Stress is a national obsession

Stress is back on the agenda. The launch of the Health & Safety Executive (HSE) management standards (Personnel Today, 9 November), National Stress Awareness Day, and the surveys revealing that stress is on the increase and the single biggest cause of absenteeism (even if some management have no experience of their staff suffering from stress), have turned it into a national obsession.

I would argue it is a national reality and because of this, the HSE standards are a disappointment. Measurable standards on the management and reduction of stress, and practical guidance on how to achieve them, are long overdue.
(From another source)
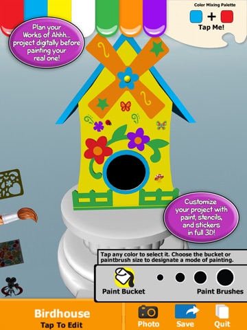 Works of Ahhh… has become a brand standard in wood painting kits. Now with our new 3D Painting App, you can plan your project from start to finish! The 3D Painting App is equipped with everything you would normally get in your Works of Ahhh… real wood craft kit. Now you can get your project just right by practicing on the App until you’re ready to start painting. If you’re not planning, you can keep on playing and make endless versions of your project.
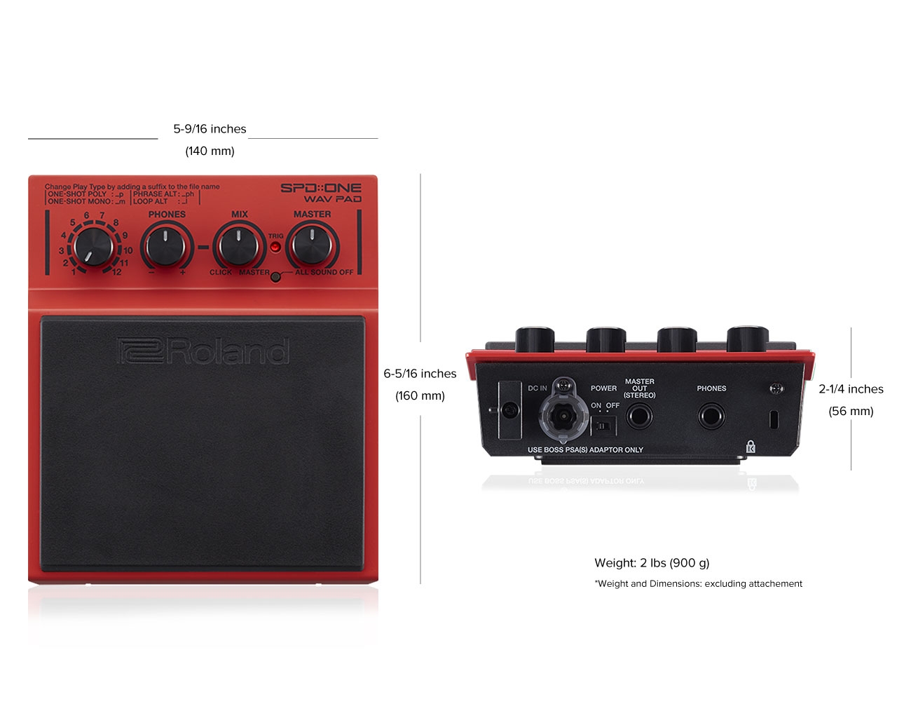 Powered by batteries or AC, the portable SPD::ONE WAV PAD can be used on the floor or a tabletop, or mounted to any rig or drum setup with the included adapter. Operation is simple, even for those musicians who are not technical; just by using four knobs on the control panel, you can change the sound, volume, balance, and more. Whether you’re a drummer, percussion player, guitarist, DJ, or vocalist, the SPD::ONE WAV PAD is a simple and flexible way to expand your sound palette and invigorate your performances.

While we welcome initiatives to help employers better support staff by improving working conditions, the new guidelines are neither measurable – as surely standards should be – nor easily understood or simple to apply.

Stress is a real workplace hazard and employers would be helped by more hard-edged recommendations. The abstract language leaves much to the imagination of individual employers. The likelihood is that those organisations that need to tackle stress most urgently will be under no obligation to do more than show they comply with these recommendations. Since they are general, this does not necessarily translate into concrete actions intended to reduce stress for employees.

We realise that this is a developmental process, and that things are undoubtedly moving in the right direction. That said, we spend a lot of time trying to convince employers that the woolly area of stress is worthy of their attention.

Barry Winbolt
Head of clinical practice, PPC Worldwide


Do not fear stress, manage it properly

I welcome the Health and Safety Executive’s (HSE) recent focus on work-related stress (Personnel Today, 9 November). In a competitive environment, where we are approaching full employment and employers are desperately trying to improve productivity, the costs associated with stress – as released by the TUC and HSE – can no longer be ignored.

The problem from an organisational point of view is that we have a term bandied about in a negative context by various institutions with no standard or commercially-relevant measurement. Doctors have no standard definition for stress; employers have none; and employees certainly don’t have one. In short, we cannot manage what we cannot measure.

The truth is that stress, managed properly, is a perfectly natural response to pressure.

We need a certain amount of stress to respond to and cope with the inevitable pressures of our daily lives at work and at home. It is ‘distress’ that is bad; bad for individuals and the organisations they work for.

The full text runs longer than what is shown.